WHAT YOU ARE ASKED TO DO:
The range runs from the line containing "Fri, 4/24 - Launch" to the last line of the entries. Copy that range exactly, omitting pictures.

(Stored dataset items)
= = =
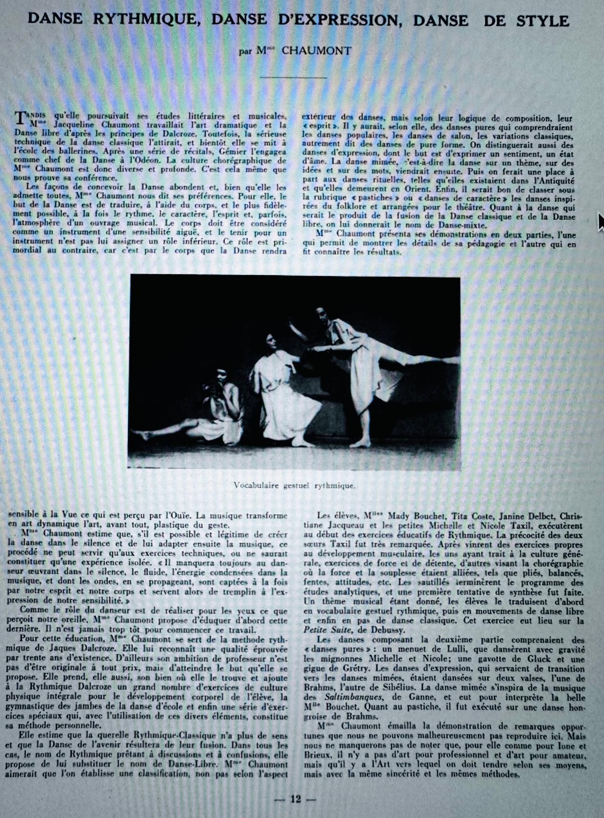 Mme Chaumont présenta ses démonstrations en deux parties, l'une qui permit de montrer les détails de sa pédagogie et l'autre qui en fit connaître les résultats. Les élèves, Mmes Mady Bouchet, Tita Coste, Janine Delbet, Christiane Jacqueau et les petites Michelle et Nicole Taxil, exécutèrent au début des exercices éducatifs de Rythmique. La précocité des deux sœurs Taxil fut très remarquée. Après vinrent des exercices propres au développement musculaire, les uns ayant trait à la culture générale, exercices de force et de détente, d'autres visant la chorégraphie où la force et la souplesse étaient alliées, tels que plies, balancés, fentes, attitudes, etc. Les sautillés terminèrent le programme des études analytiques, et une première tentative de synthèse fut faite.
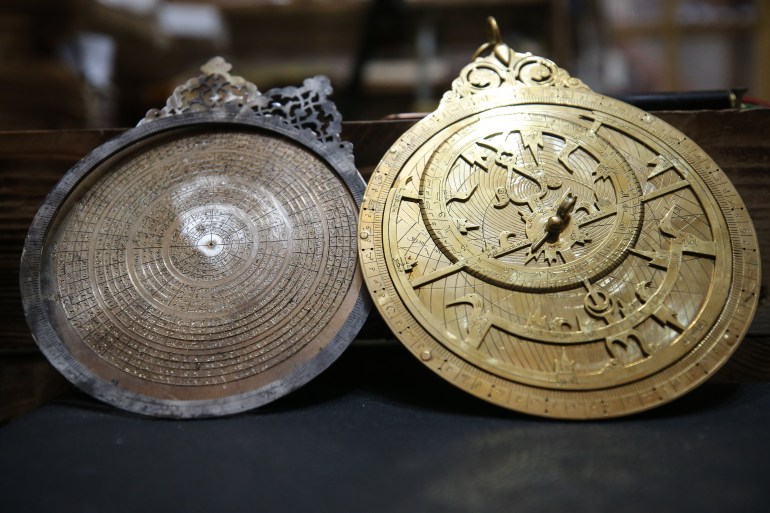 وتابع: “يتم نقش ونحت الخطوط والكتابات على آلة الإسطرلاب. بعد ذلك نقوم بالعمل على الأجزاء التي نسميها العنكبوت، كما يتم أيضا إفراغ بعض الأجزاء بمنشار قص. أفعل كل ذلك في هذه الورشة، بتقنيات قديمة”.
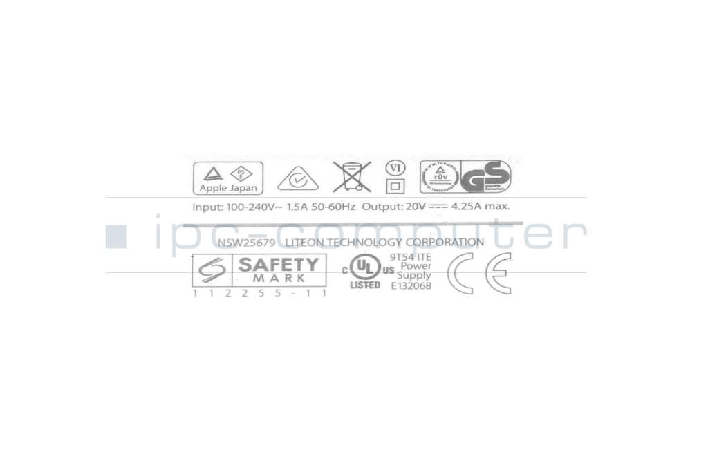 Apple MacBookAir4,2 (13", Mid 2011) Original Netzteil 85,0 Watt weiß
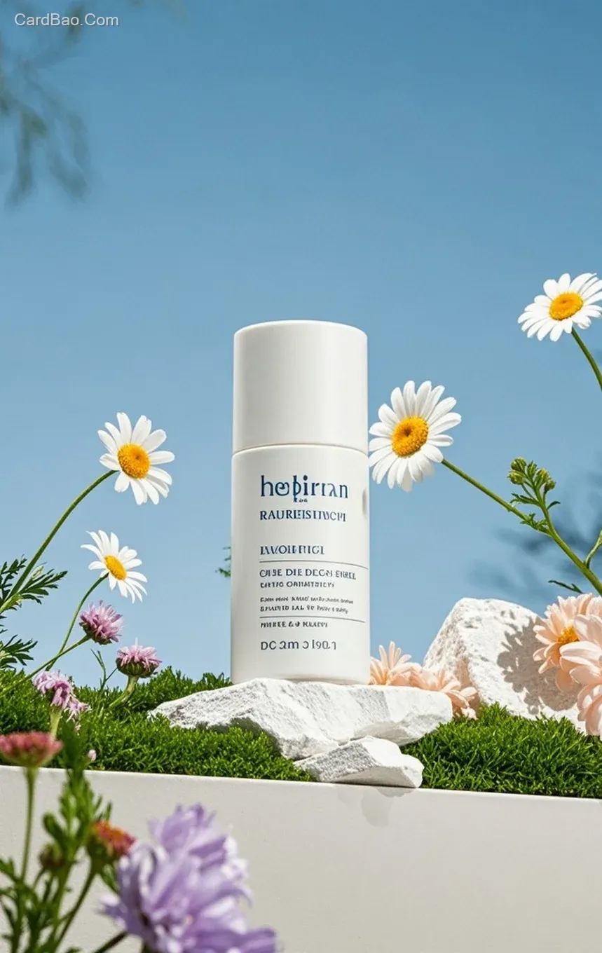 This is a product photo of Bio-Oil. Under a blue sky, the background features a grassy area with several white daisies in bloom, along with some pink-purple flowers. At the bottom is a slanted white surface, on which there are white gypsum stones. 8k.
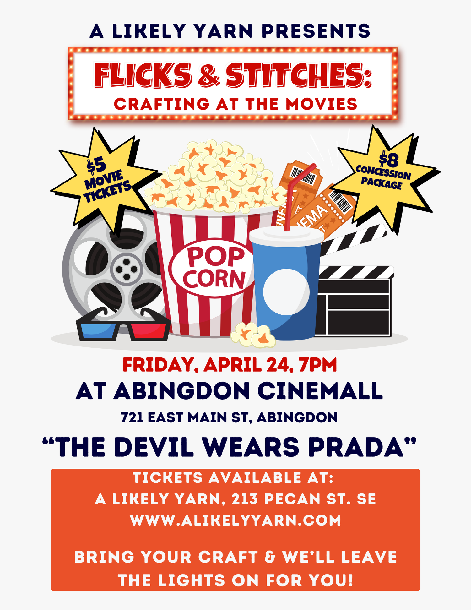 Fri, 4/24 - Launch Cesium Yarn & Camp Stitchwood Trunk Shows, NEW Flicks & Stitches Movie Night at Abingdon Cinemall showing "The Devil Wears Prada" 7pm
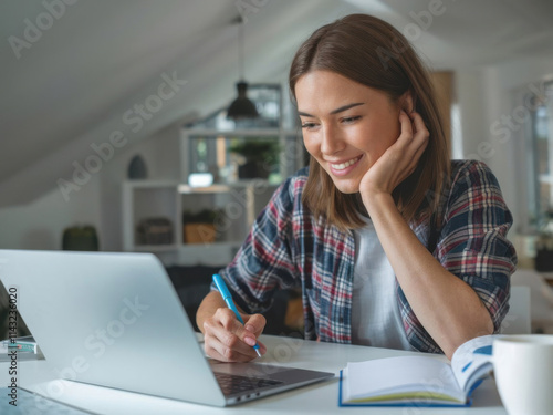 Mujer joven con una computadora portátil sentada en un escritorio. Ella está escribiendo notas mientras mira un seminario web. La mujer está estudiando en línea, aprendiendo clases web o teniendo una
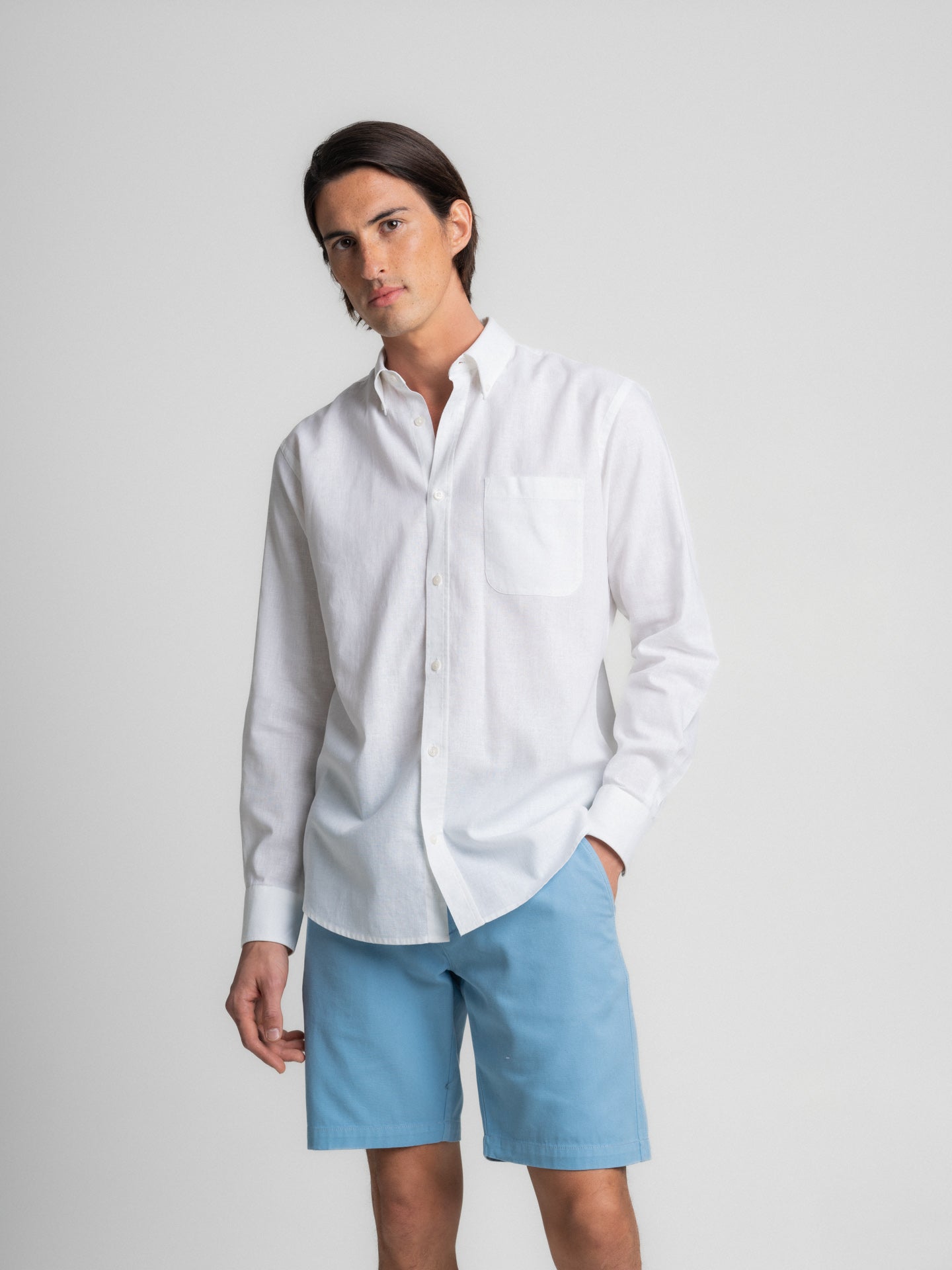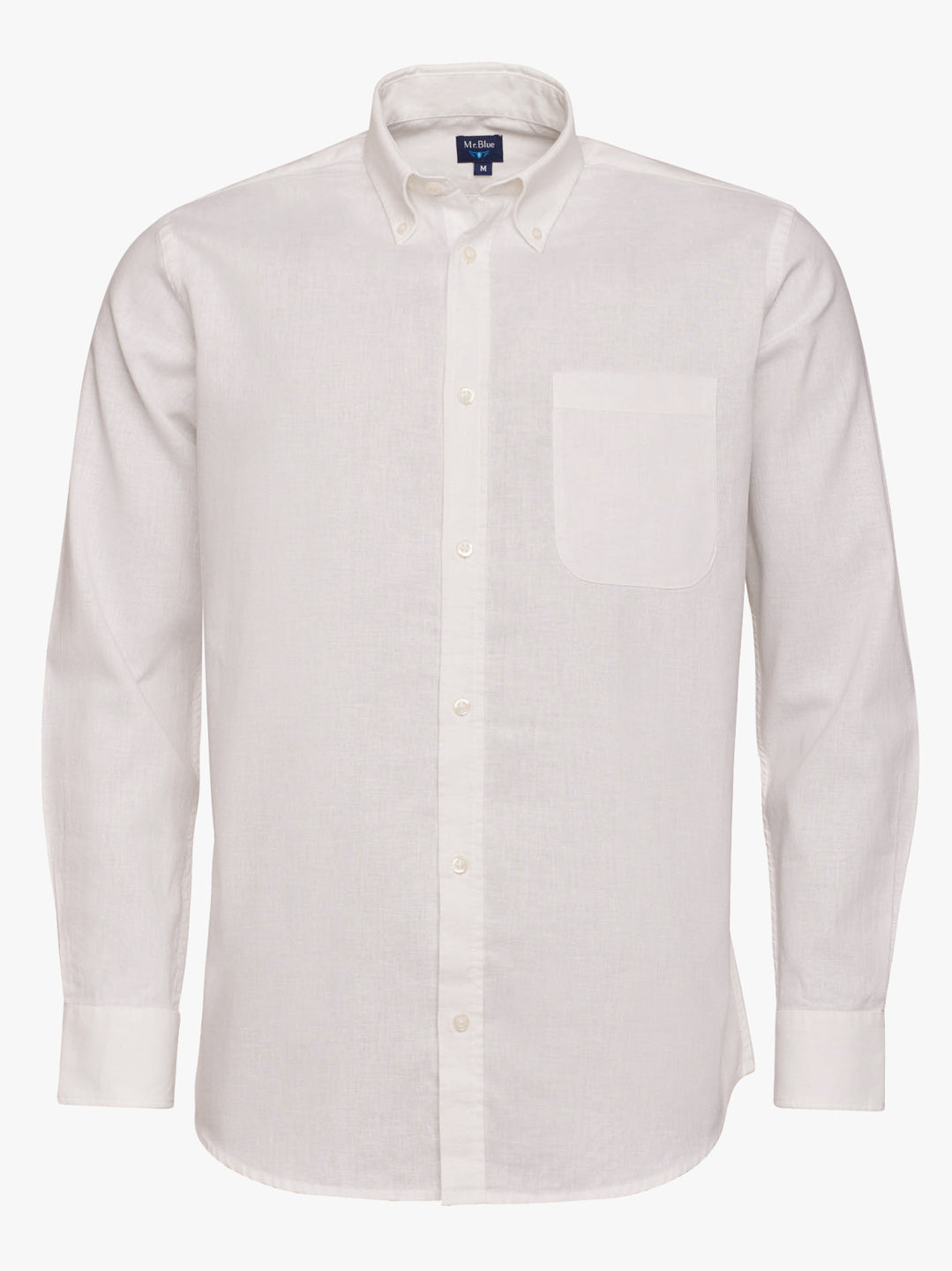 Camisa Regular Fit Linho Branca Manga Comprida Com bolso
= = =
TASK ANSWER:
 Fri, 4/24 - Launch Cesium Yarn & Camp Stitchwood Trunk Shows, NEW Flicks & Stitches Movie Night at Abingdon Cinemall showing "The Devil Wears Prada" 7pm
 Mujer joven con una computadora portátil sentada en un escritorio. Ella está escribiendo notas mientras mira un seminario web. La mujer está estudiando en línea, aprendiendo clases web o teniendo una
 Camisa Regular Fit Linho Branca Manga Comprida Com bolso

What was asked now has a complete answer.